Data to examine START

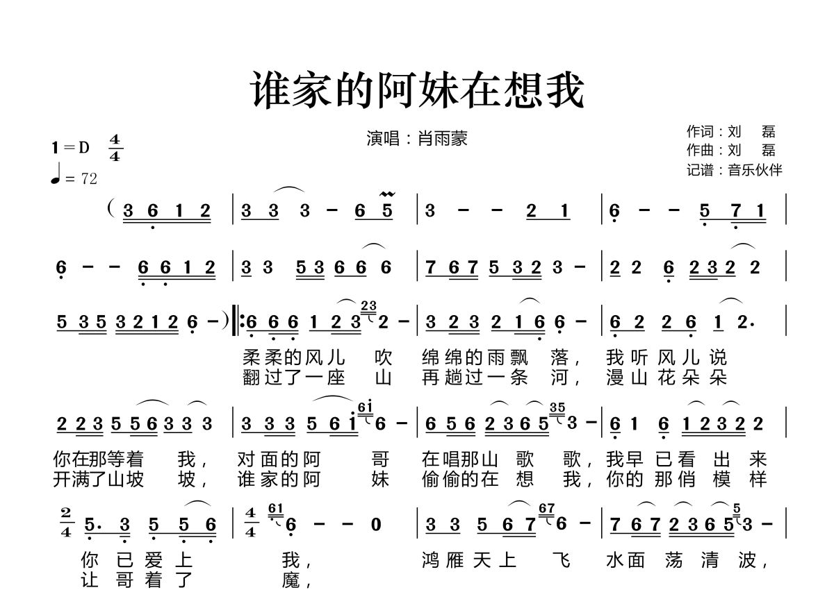 曲谱介绍: 肖雨蒙《谁家的阿妹在想我》,音乐伙伴编配出品,共有1张高清图谱,免翻页排版设计。
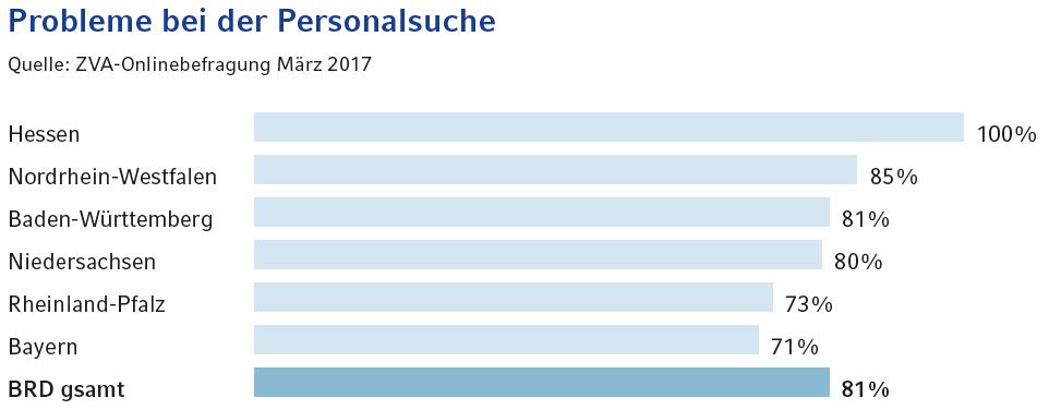 Unternehmen finden immer schwerer Fachkräfte. Dabei gibt es aber große regionale Unterschiede (siehe Grafik 1: Es sind nur die Bundesländer aufgeführt, bei denen mehr als zehn Betriebe auf die Online-Umfrage geantwortet haben). In Hessen haben alle Betriebe, die Personal einstellen wollen, Probleme geeignetes Personal zu finden. In Rheinland-Pfalz und Bayern ist zwar das Problem unterdurchschnittlich ausgeprägt, allerdings haben immer noch mehr als 70 Prozent Probleme bei der Personalsuche. Nach den Forschern des Instituts der deutschen Wirtschaft Köln (IW) ist branchenübergreifend keine Verbesserung in Sicht. In Westdeutschland geht voraussichtlich jeder dritte Arbeitnehmer in den kommenden 15 Jahren in Rente. In Ostdeutschland sind es in manchen Regionen sogar bis zu 42 Prozent. Im Osten wird sich die Lage wahrscheinlich noch schneller zuspitzen, denn dort können die Unternehmen auch überdurchschnittlich viele Ausbildungsplätze nicht besetzen. In einigen Regionen blieben 2016 bis zu 25 Prozent aller Lehrstellen unbesetzt.
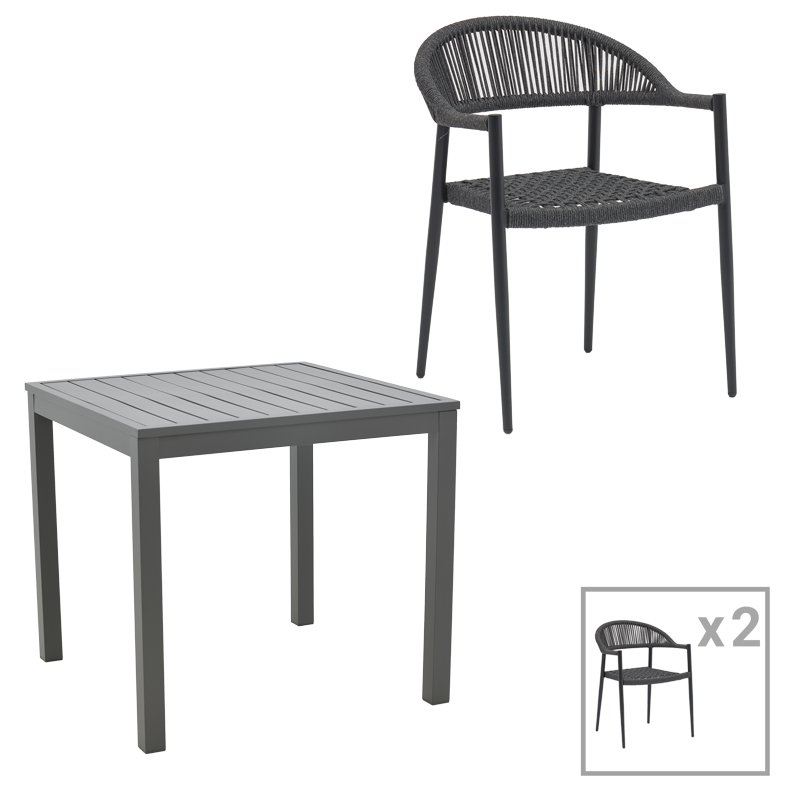 Τραπεζαρία Kliton-Freiburg σετ 3τεμ pakoworld αλουμίνιο σε ανθρακί απόχρωση 80x80x74εκ
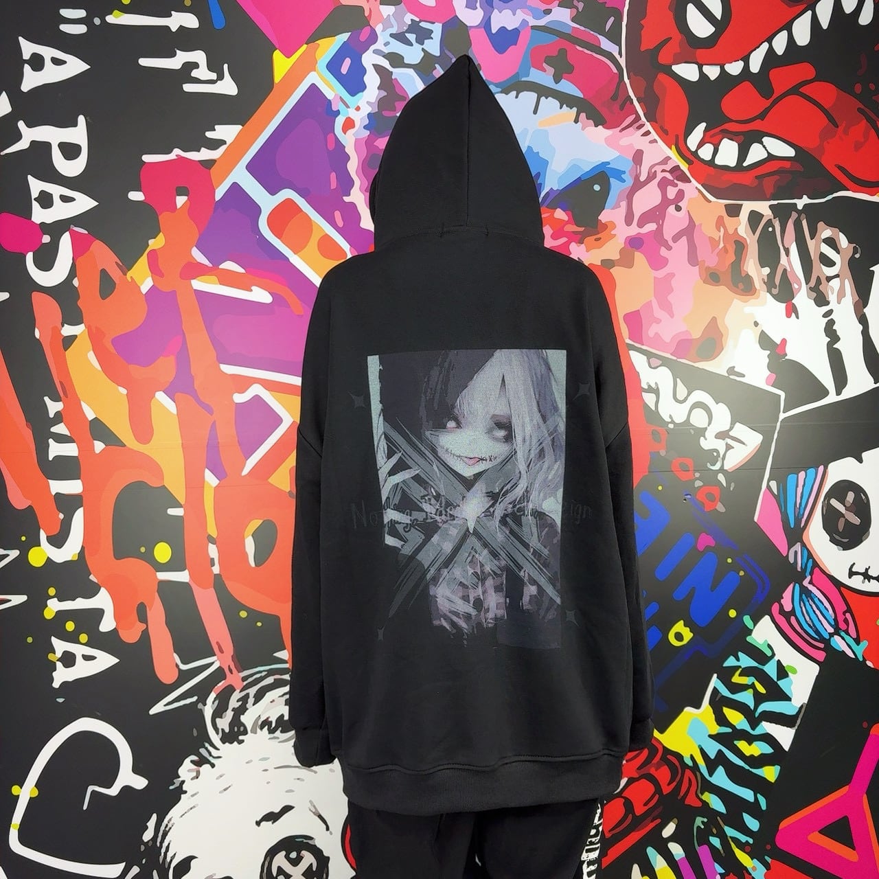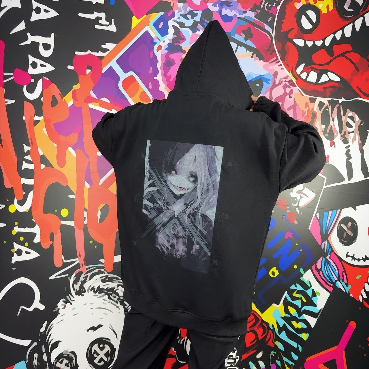 バックには大胆なアートグラフィックをプリント。
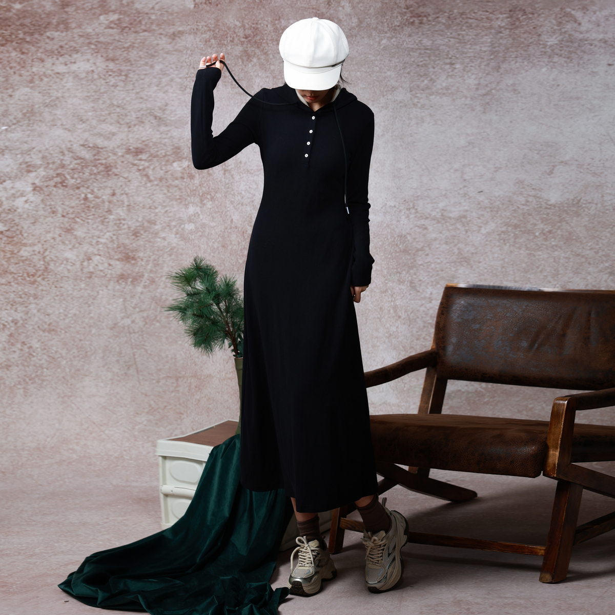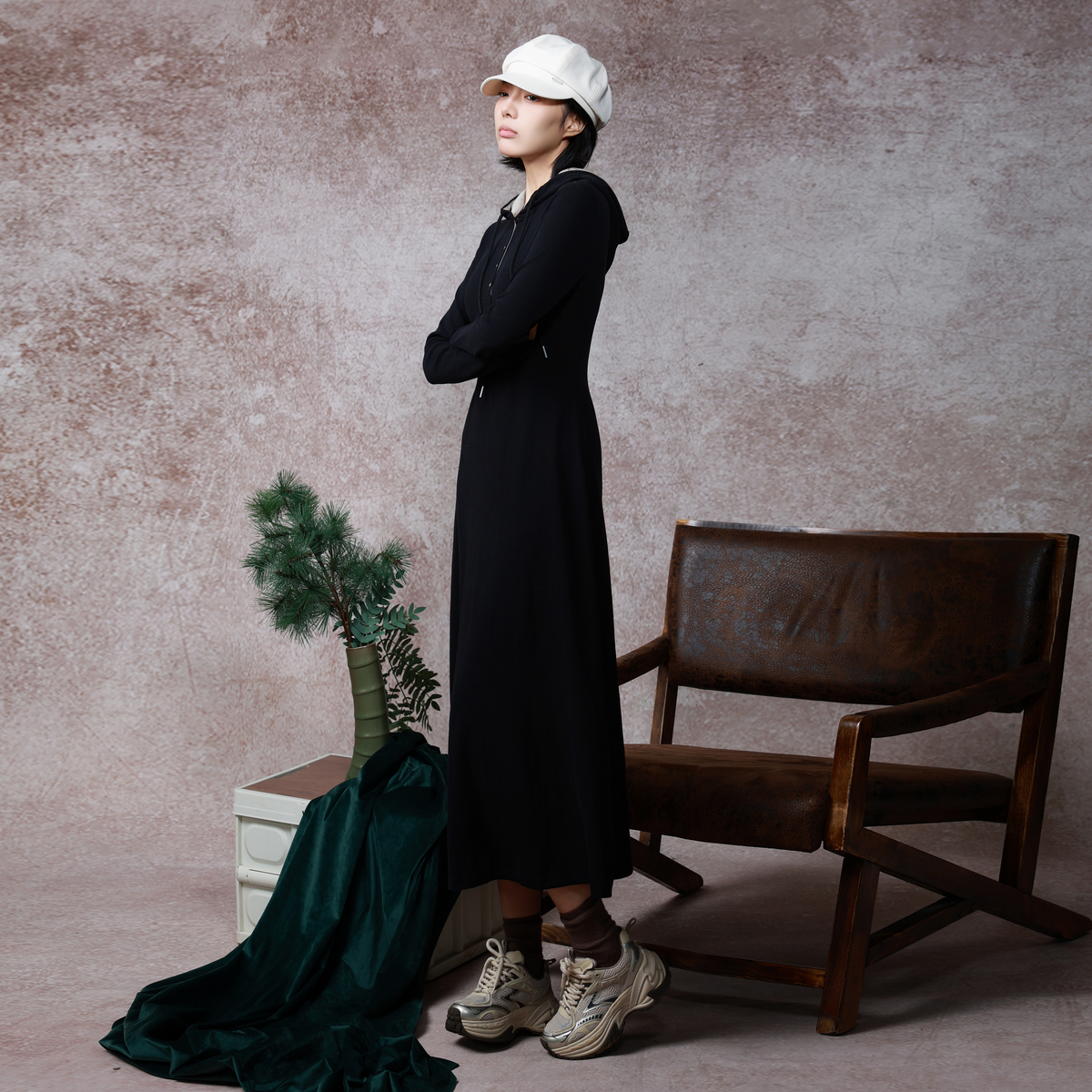 西町村屋修身连帽设计连衣裙女装秋冬新款气质长款裙子XH9D10310
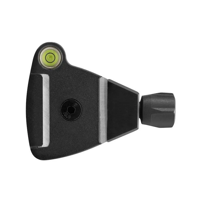 Made of lightweight aluminium, the adaptor has a two-axis spirit level to facilitate precise framing and help capture level images in-camera, ensuring the camera's full frame is used and reducing post-production time. The adaptor features an ergonomic side knob that locks the plate and keeps it safely in place while you shoot. The knob is secured to the plate-holder thanks to a mechanism that stops it at its maximum opening.
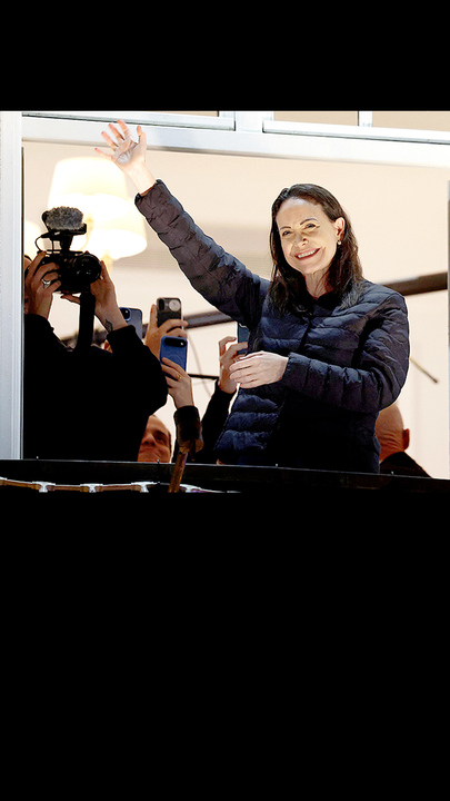 마차도는 11일 오전 오슬로에 무사히 도착한 뒤 한 호텔에서 11개월 만에 공개석상에 모습을 드러냈다. 청바지와 패딩 차림으로 발코니에 선 마차도는 자신을 환영하기 위해 모여든 현지 베네수엘라인 지지자들에게 손을 흔들며 “여러분 모두 베네수엘라로 돌아오면 좋겠다”고 말했다. 이후 호텔 밖으로 나와 군중들과 악수와 포옹을 나눴다. 지지자들은 “자유!” “대통령!”을 외치며 그를 환영했다.
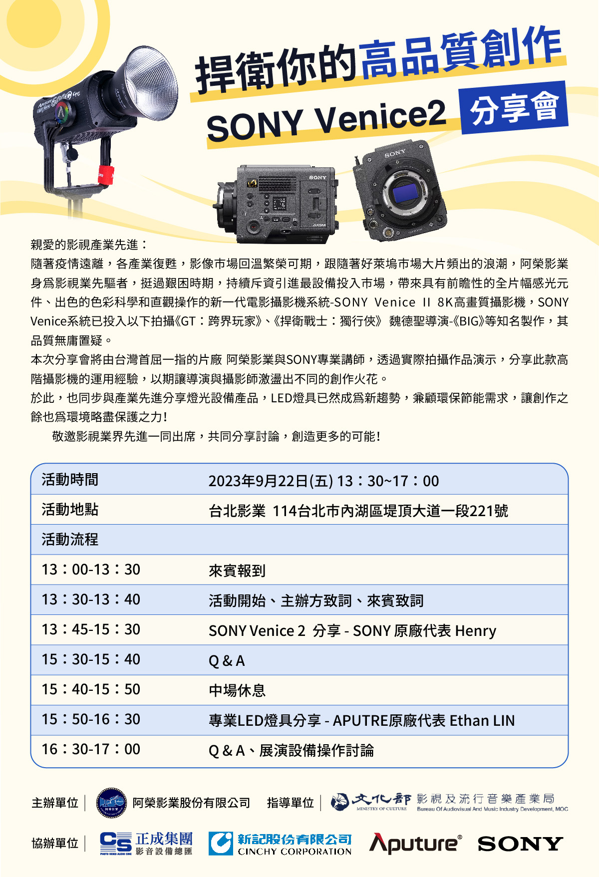 本活動將由阿榮影業帶來新一代電影攝影機系統-SONY Venice II 8K高畫質攝影機的分享,SONY Venice系統已投入以下拍攝《GT:跨界玩家》、《捍衛戰士:獨行俠》、魏德聖導演-《BIG》等知名製作,其品質無庸置疑。本次分享會將由SONY專業講師,透過實際拍攝作品演示,分享此款高階攝影機的運用經驗,以期讓導演與攝影師激盪出不同的創作火花。於此,也同步與產業先進分享燈光設備-APUTURE專業LED燈光,LED燈具已然成為新趨勢,兼顧環保節能需求,讓創作之餘也為環境略盡保護之力!
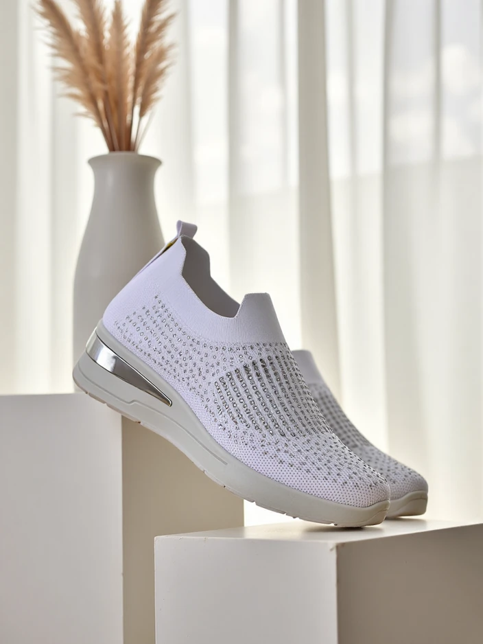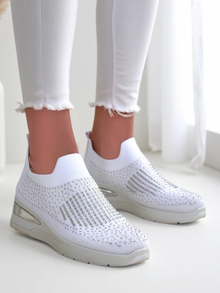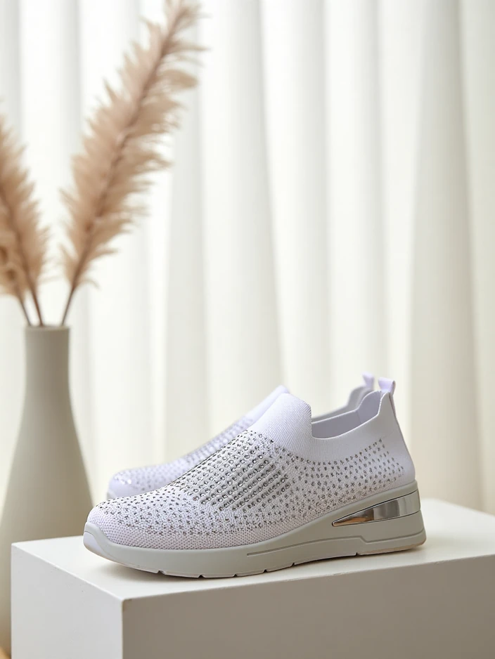 - Модерни дамски обувки с платформа, изработени от плат, украсени с камъни. С мека текстилна инsole. Обувки тип слип-он. Те ще бъдат прекрасно допълнение към ежедневния стил.
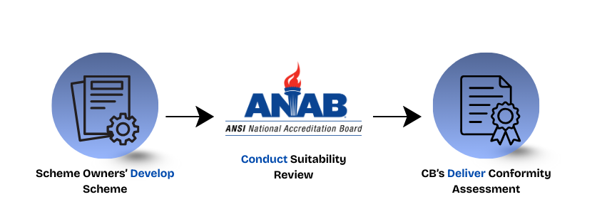Scheme Owners define industry-specific certification criteria, drive innovation in conformity assessment, and translate standards into market-relevant requirements that support third-party conformity assessment. ANAB provides internationally recognized accreditation that ensures scheme credibility and alignment with ISO/IEC 17011, while evaluating both scheme suitability and implementation.
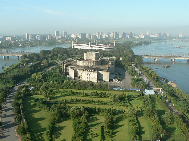 Pyongyang is North Korea's capital and showpiece. Americans are typically housed at the Yanggakdo Hotel, a property on an island that is an easy place to confine foreigners to. We were allowed to walk around the hotel grounds but were forbidden from crossing the bridge into the city when not accompanied by a guide. My first instinct was that the North Koreans might try to hide the city from our prying cameras and give us rooms with little or nothing to see, but the opposite was true: they made sure we were deposited in rooms with the best possible view. At first I was tentative taking pictures from my hotel window, but after a few minutes I relaxed. In a country as tightly-controlled as North Korea, I reasoned that there wasn't anything visible from my hotel window that they didn't want me to see.
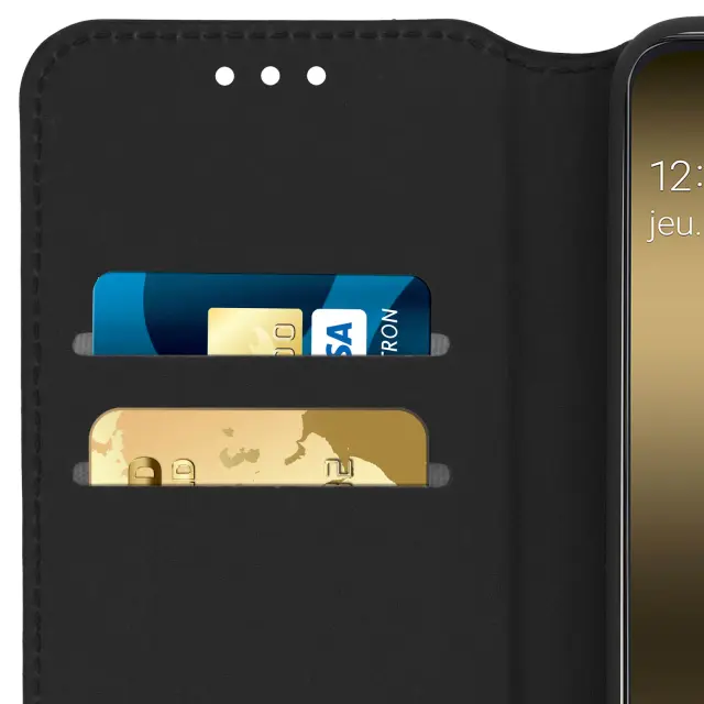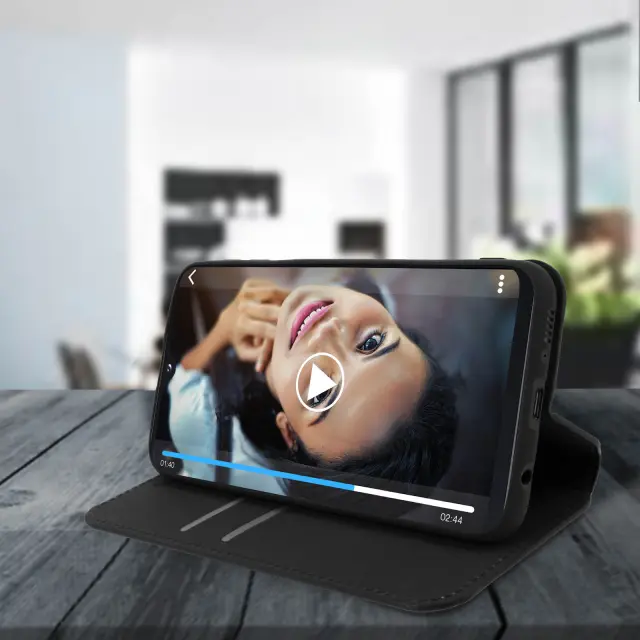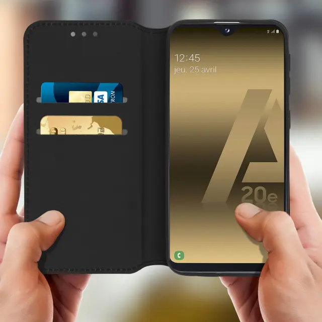 Folio Cover, posebej zasnovan za Samsung Galaxy A20e. Ekološko usnje gladkega videza in šivanega zaključka. 2 predala za kartice v podlogi z zavihkom. Funkcija vodoravnega stojala za udobno uživanje v videoposnetkih/fotografijah.
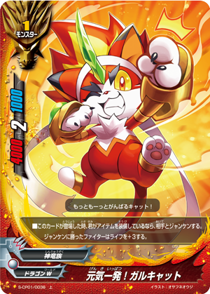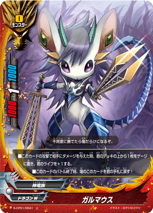 - When this card attacks and deals damage to your opponent, put the top card of your deck into your gauge, and you gain 1 life.
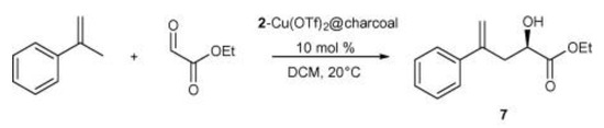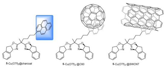 In a similar approach, Schulz et al. achieved asymmetric catalysis for the Henry reaction and ene reaction by changing the ligand and the metal [28]. In this work, two kinds of metal complexes were prepared by combining bis(oxazoline) ligand with anthracene and pyrene, respectively. Then, they were immobilized on charcoal, fullerene, and CNTs through π-π stacking, as shown in Figure 3. The ene reaction between ethyl glyoxylate and α-methylstyrene was conducted using a CNT-based catalyst, as shown in Scheme 5, achieving 64% ee and remaining at 62% after seven recycling cycles.
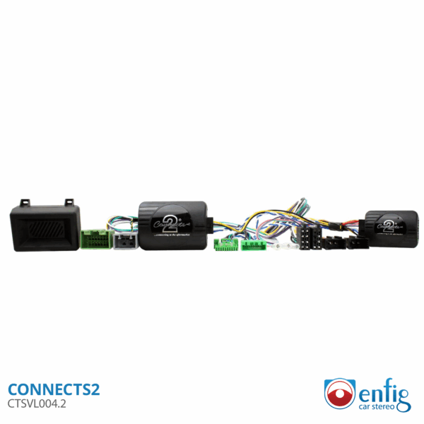 The CTSVL004.2 is a Steering Wheel Control Interface and radio wiring harness for 2004-2014 Volvo XC90 vehicles with MOST Fiber optic systems. It allows the retention of the OEM Steering Wheel Controls when installing an aftermarket radio.
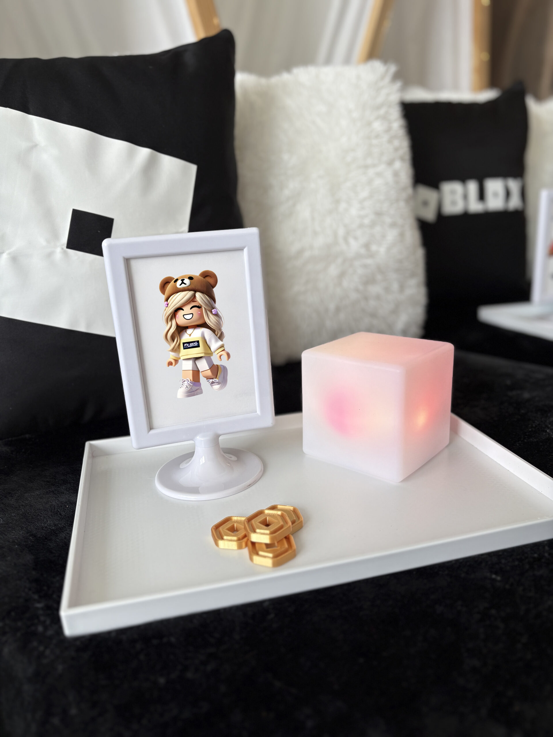 A glow party—elevated. This sleek, tech-inspired setup features LED lighting, metallic accents, and futuristic décor. Designed for gamers, dreamers, and modern trendsetters, it’s a sleepover experience that feels like stepping into the future.

Data to examine END

Assignment
Give again, exactly as written above, every line from the one holding "Τραπεζαρία Kliton-Freiburg σετ" to the one holding "本活動將由阿榮影業帶來新一代電影攝影機系統-SONY Venice II", with both ends kept and the pictures left out.

Solved problem
 Τραπεζαρία Kliton-Freiburg σετ 3τεμ pakoworld αλουμίνιο σε ανθρακί απόχρωση 80x80x74εκ
 バックには大胆なアートグラフィックをプリント。
 西町村屋修身连帽设计连衣裙女装秋冬新款气质长款裙子XH9D10310
 Made of lightweight aluminium, the adaptor has a two-axis spirit level to facilitate precise framing and help capture level images in-camera, ensuring the camera's full frame is used and reducing post-production time. The adaptor features an ergonomic side knob that locks the plate and keeps it safely in place while you shoot. The knob is secured to the plate-holder thanks to a mechanism that stops it at its maximum opening.
 마차도는 11일 오전 오슬로에 무사히 도착한 뒤 한 호텔에서 11개월 만에 공개석상에 모습을 드러냈다. 청바지와 패딩 차림으로 발코니에 선 마차도는 자신을 환영하기 위해 모여든 현지 베네수엘라인 지지자들에게 손을 흔들며 “여러분 모두 베네수엘라로 돌아오면 좋겠다”고 말했다. 이후 호텔 밖으로 나와 군중들과 악수와 포옹을 나눴다. 지지자들은 “자유!” “대통령!”을 외치며 그를 환영했다.
 本活動將由阿榮影業帶來新一代電影攝影機系統-SONY Venice II 8K高畫質攝影機的分享,SONY Venice系統已投入以下拍攝《GT:跨界玩家》、《捍衛戰士:獨行俠》、魏德聖導演-《BIG》等知名製作,其品質無庸置疑。本次分享會將由SONY專業講師,透過實際拍攝作品演示,分享此款高階攝影機的運用經驗,以期讓導演與攝影師激盪出不同的創作火花。於此,也同步與產業先進分享燈光設備-APUTURE專業LED燈光,LED燈具已然成為新趨勢,兼顧環保節能需求,讓創作之餘也為環境略盡保護之力!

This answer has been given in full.